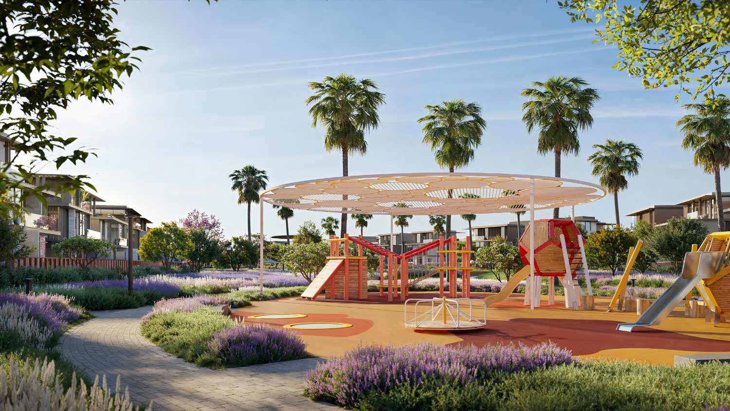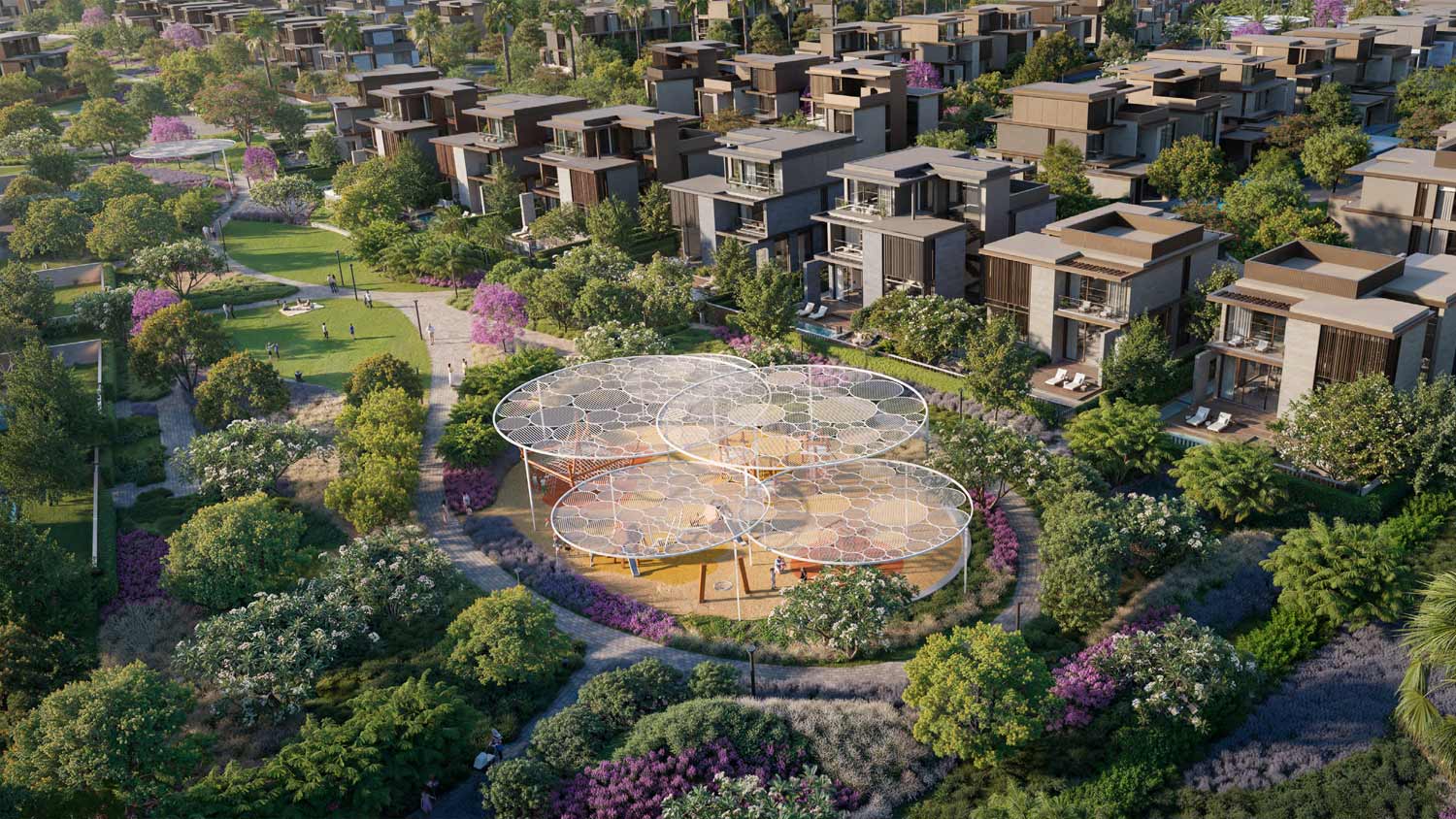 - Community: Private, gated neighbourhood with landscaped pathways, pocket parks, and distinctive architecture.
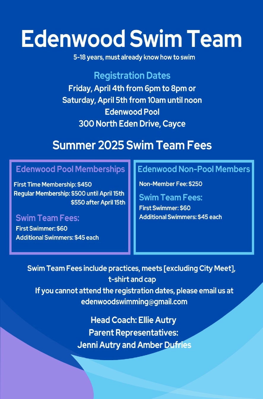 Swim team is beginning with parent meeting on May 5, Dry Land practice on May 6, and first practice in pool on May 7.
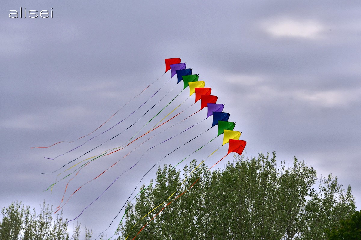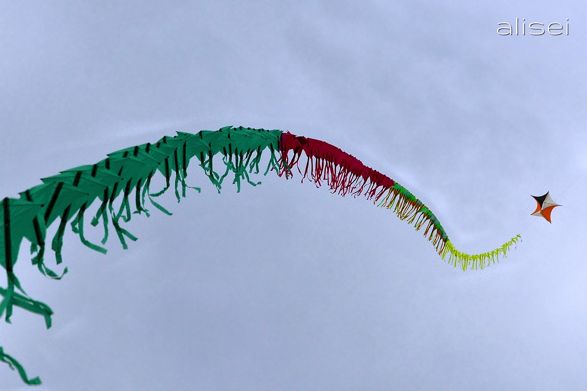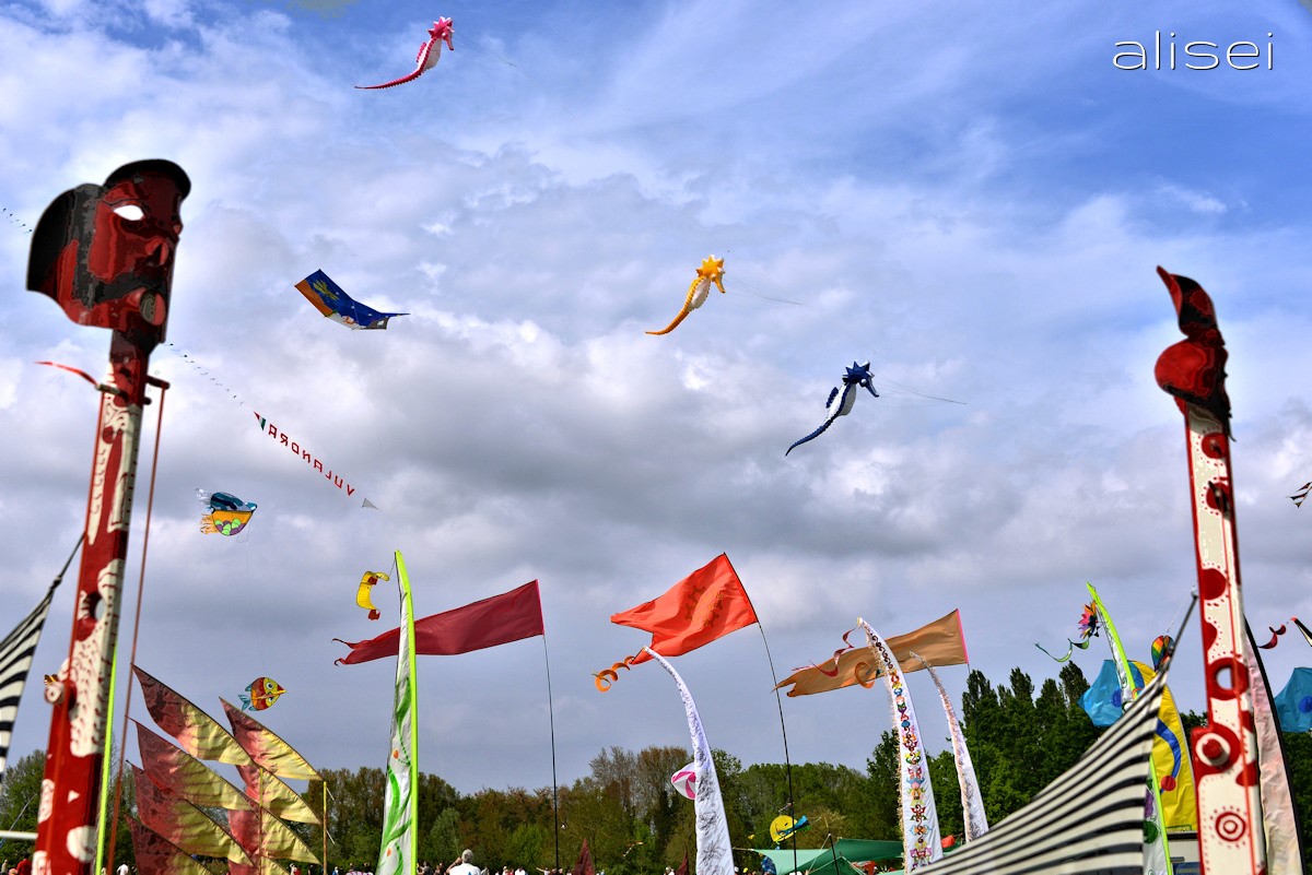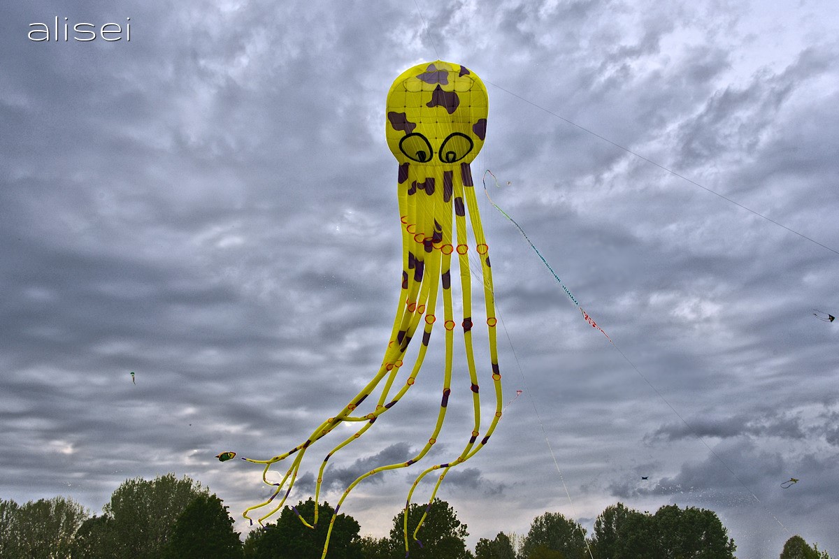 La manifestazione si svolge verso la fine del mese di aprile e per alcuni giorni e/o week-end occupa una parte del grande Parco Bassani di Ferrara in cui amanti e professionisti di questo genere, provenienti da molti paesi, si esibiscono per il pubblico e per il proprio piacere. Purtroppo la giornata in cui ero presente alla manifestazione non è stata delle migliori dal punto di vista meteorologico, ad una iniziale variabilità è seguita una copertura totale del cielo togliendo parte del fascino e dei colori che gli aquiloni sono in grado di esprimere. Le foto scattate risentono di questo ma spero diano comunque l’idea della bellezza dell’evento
^^^^
▶ What is being asked
Return only the lines from the start of the data through the line that contains "Swim team is", please, copying them exactly and omitting all pictures.

▶ Exercise answer
 - Community: Private, gated neighbourhood with landscaped pathways, pocket parks, and distinctive architecture.
 Swim team is beginning with parent meeting on May 5, Dry Land practice on May 6, and first practice in pool on May 7.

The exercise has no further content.